A Senior Advocate of Nigeria, Sylva Ogwemoh has warned that the continued stay in office by the chairman of the Economic and Financial Crimes Commission, EFCC, Ibrahim Magu, after two unsuccessful screening attempts at the Senate breaches the enabling law of the anti-graft agency.
The lawyer disclosed that there was no provision for the Acting Chairman under the EFCC Act, 2004.
He added that since Section 3 of the EFCC act provides for Senate confirmation, the powers of the President in such appointment was not absolute.
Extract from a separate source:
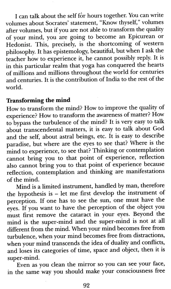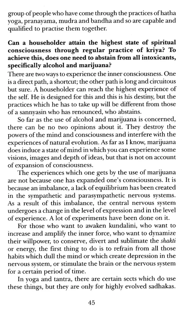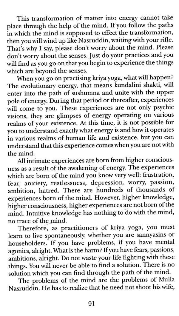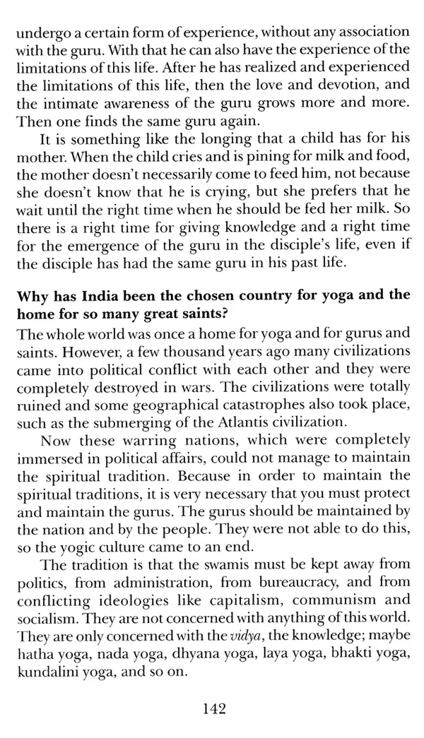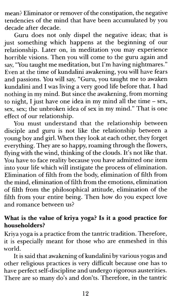 Teachings of Swami Satyananda Saraswati: Volume I includes question and answer sessions given during Swami Satyananda's 1979 All European Tour, his 1980 visit to Australia and the Kriya Yoga and Teacher Training courses conducted at Bihar School of Yoga during these same years. Questions on topics ranging from the problems one faces in daily life to the highest concepts of yoga, tantra and spiritual evolution are answered with characteristic vision, understanding and colour.

Ogwemoh noted that, “The power of the President of the Federal Republic of Nigeria under the Economic and Financial Crimes Commission (Establishment) Act, to appoint a Chairman for the EFCC is not absolute.
“The President’s appointment is subject to confirmation by the Senate of the Federal Republic of Nigeria.
“What this means in effect is that the President cannot under any circumstance act alone in the appointment of a Chairman for the EFCC, without thé confirmation of the Senate, and where the Senate has refused confirmation as in the case of Magu, that matter ends there.
“This is because there is no provision in the EFCC Act for the office of an acting Chairman as the head of the Commission.
“The office created by the Act is that of a Chairman who shall be the Chief Executive and Accounting Officer of the Commission.”
Ogwemoh further argued that the “proceeding to retain Magu in the face of the non-confirmation by the Senate may be viewed by many as a way of circumventing the law” adding that “although the gentleman is doing well in the performance of his duties; the law is the law and must be obeyed by all Nigerians.”